Me neither, but at least hrbrmstr has a few months ago.
Or to be honest, I don’t know which social media site he prefers, but Bluesky is currently my favourite.
With the ease of use and algorithmic curation that I loved about Twitter before its demise and the super interesting and easy to work with AT protocol, which should make Bluesky “billionaire-proof”1, I’m hopeful that this social network it here to stay.

Recently, I have published the atrrr package with a few friends, so I thought I could remove the pesky Python part from hrbrmstr’s command line interface.
Along the way, I also looked into how one can write a command line tool with R.
I really love using command line tools2 and was always a bit disappointed that people don’t seem to write them in R.
After spending some time on this, I have to say: it’s not that bad, especially given the packages docopt and cli, but it’s definitly a bit more manual than in Python.

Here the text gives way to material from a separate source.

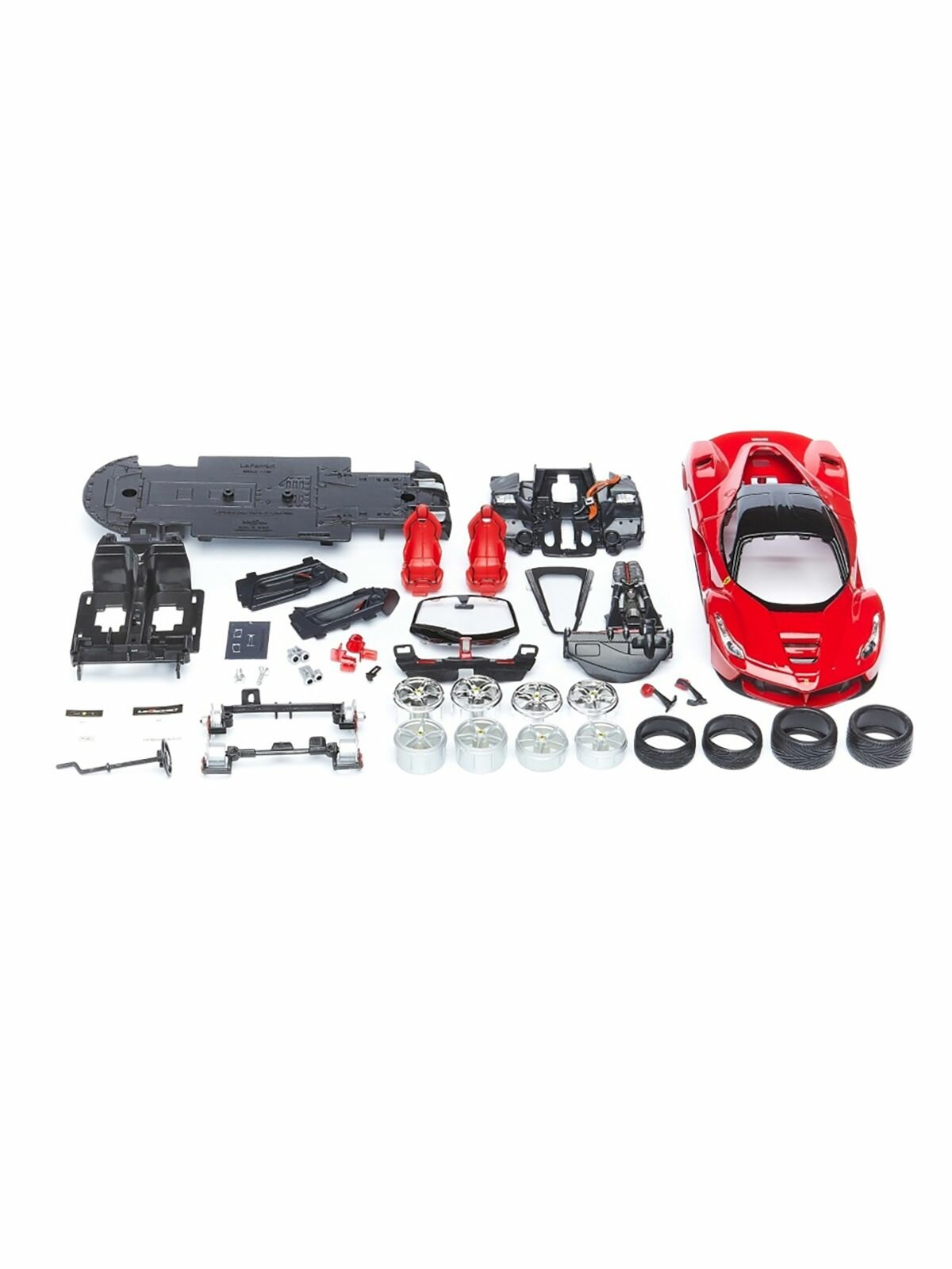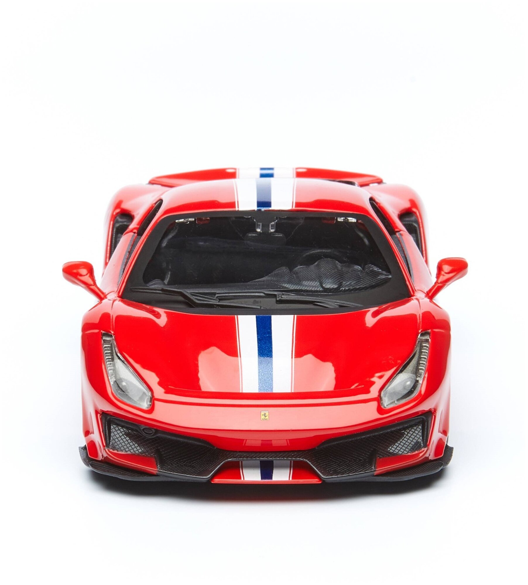 Сборная модель автомобиля Ferrari 488 Pista в масштабе 1:24 красного цвета. Сборка осуществляется методом защелкивания отдельных элементов корпуса.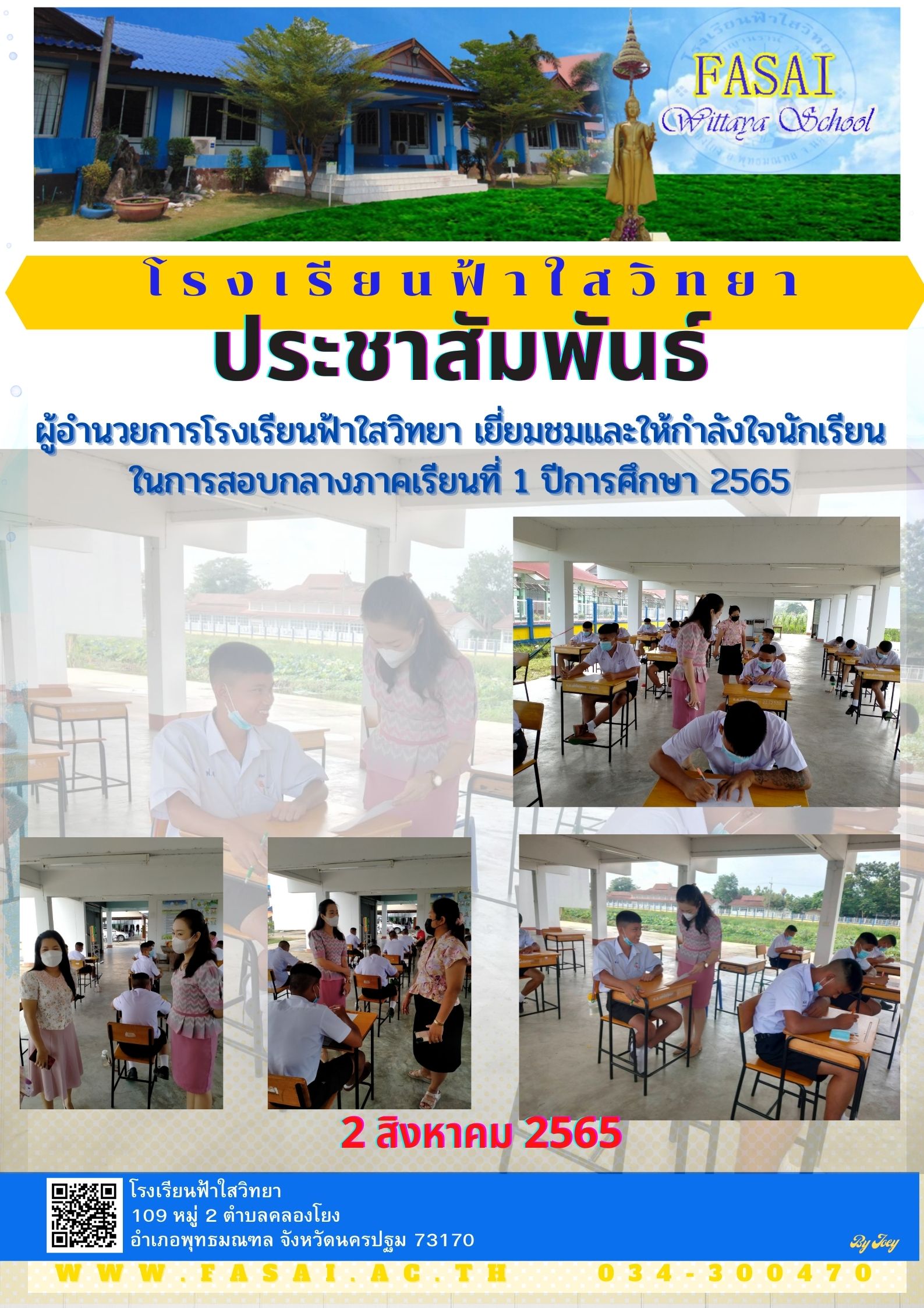 วันที่ 2 สิงหาคม 2565 นางสาววราภรณ์ อารีชินรักษ์ ผู้อำนวยการโรงเรียนฟ้าใสวิทยา เยี่ยมชมและให้กำลังใจนักเรียน ในการสอบกลางภาคเรียนที่ 1 ปีการศึกษา 2565

But let’s have a look at the result first:

And here is of course the commented source code (also available as a GitHub Gist):

#!/usr/bin/Rscript

# Command line application Bluesky feed reader based on atrrr.
#
# Make executable with `chmod u+x rbsky`.
#
# If you are on macOS, you should replace the first line with:
#
# #!/usr/local/bin/Rscript
#
# Not sure how to make it work in Windows ¯_(ツ)_/¯
#
# based on https://rud.is/b/2023/07/07/poor-dudes-janky-bluesky-feed-reader-cli-via-r-python/

library(atrrr)
library(cli)
library(lubridate, include.only = c("as.period", "interval"),
        quietly = TRUE, warn.conflicts = FALSE)
if (!require("docopt", quietly = TRUE)) install.packages("docopt")
library(docopt)

# function to displace time since a post was made
ago <- function(t) {
  as.period(Sys.time() - t) |>
    as.character() |>
    tolower() |>
    gsub("d+.d+s", "ago", x = _)
}

# docopt can produce some documentation when you run `rbsky -h`
doc <- "Usage: rbsky [-a ALGO] [-n NUM] [-t S] [-h]

-a --algorithm ALGO   algorithm used to sort the posts [e.g., "reverse-chronological"]
-n --n_posts NUM      Maximum number of records to return [default: 25]
-t --timeout S        Time to wait before displaying the next post [default. 0.5 seconds]
-h --help             show this help text"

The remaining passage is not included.